Illustration by TIME; reference image courtesy of Jan Leike

For now AI systems are slow-witted enough that discerning users can usually tell if their outputs are potentially harmful. For example, if a CEO were to ask GPT-4, OpenAI’s most powerful AI model to be released so far, to suggest ways that she could maximize her company’s profits, she would likely be able to tell if GPT-4’s responses would lead to bankruptcy.

But as AI systems become more capable, their outputs may become too complex for humans to evaluate. This is particularly concerning for those who work on alignment—the research field working on making sure AI systems behave as their creators intend—because they fear that AI systems may develop goals that could be catastrophic for humans. If, say, GPT-6 were asked how to maximize the profits of a company, it likely could produce an incredibly complex plan that the CEO can’t evaluate. If she decided to execute the plan, her profits might rocket … or GPT-6 might be manipulating her to gain immense power for its own agenda. Before hitting enter, she might not be able to tell which result would be produced.

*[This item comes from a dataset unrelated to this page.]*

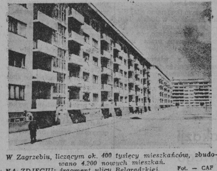
W Zagrzebiu, liczącym ok. 400 tysięcy mieszkańców, zbudowano 4200 nowych mieszkań. NA ZDJĘCIU: fragment ulicy Belgradzkiej.

Było to w latach hitlerowskiej okupacji. Jugosławię znajdowała się w ogniu walki narodowo-wyzwoleńczej. 29 listopada 1943 r. w małym bośnickim miasteczku Jasku zebrało się ze stu na stu sesji Antyfaszystowskiego Zrzeszenia Wyzwolenia Narodowego — AWWNO. Wyrażając wolę narodu, podjęli oni przelomowe dla historii kraju uchwały. Utworzono Komitet Wyzwolenia Narodowego o uprawnieniach rządu tymczasowego. Postanowiono, że nowa Jugosławię będzie zbudowana na zasadach federacji równoprawnych narodów i państw: Serbii, Chorwacji, Słowenii, Macedonii, Czarnogóry oraz Bośni i Hercegowiny. Założono fundamenty demokracji i federalnego ustroju nowej państwowości. Tak narodziła się w latach wojny Federacyjna Republika Jugosławi. Po dwóch latach, 29 listopada 1945 r. — otwarta została pierwsza sesja Konstytuanta, na której proklamowano utworzenie Republiki Jugosławijskiej.

Jan Leike is hoping his work might make it easier to tell. Leike, 36, co-leads the Superalignment team at top AI lab OpenAI, which wants to build AI systems today that help us to ensure that powerful future AI systems behave as their creators intend.

Leike has spent more than a decade thinking about alignment, ever since reading works by Ray Kurzweil and Eliezer Yudkowsky. After working closely with pathbreaking alignment researchers—including Marcus Hutter, then a professor at Australian National University and now a senior researcher at DeepMind; Nick Bostrom, author of Superintelligence; and Shane Legg of DeepMind—Leike joined OpenAI in 2021.

Now Leike is part of one of the most ambitious alignment efforts yet. The Superalignment team, announced in July, have given themselves four years to “ensure AI systems much smarter than humans follow human intent.” To help them achieve this task, they have 20% of the scarce, expensive computational resources available to OpenAI, and the considerable brainpower of Ilya Sutskever, chief scientist at OpenAI, who is co-leading the team with Leike.

Leike argues that these potential AI systems could help in a number of ways. For example, they could assist in inspecting the vast mathematical representations that constitute an AI system’s model of the world, which even the scientists who build AI models struggle to interpret. In May, OpenAI took early steps toward this, publishing a paper in which GPT-4 tried to explain the purpose of each of the neurons in GPT-2, a smaller and less capable model. Although the results were mixed, there was some success—GPT-4 found a neuron that seemed to correspond to “references to Canadian people, places, and entities.”

Perhaps because he works on practical fixes for alignment rather than thought experiments, Leike is more optimistic than many who work on preventing AI-related catastrophe—preferring to emphasize how much room there is for human agency.

“So much is still up in the air. Humans have a lot of ownership over what happens, and we should try hard to make it go well,” says Leike. “[Avoiding AI catastrophe] is, in some sense, everyone’s responsibility, because it will probably take a lot of people working together and making the right calls at the right time.”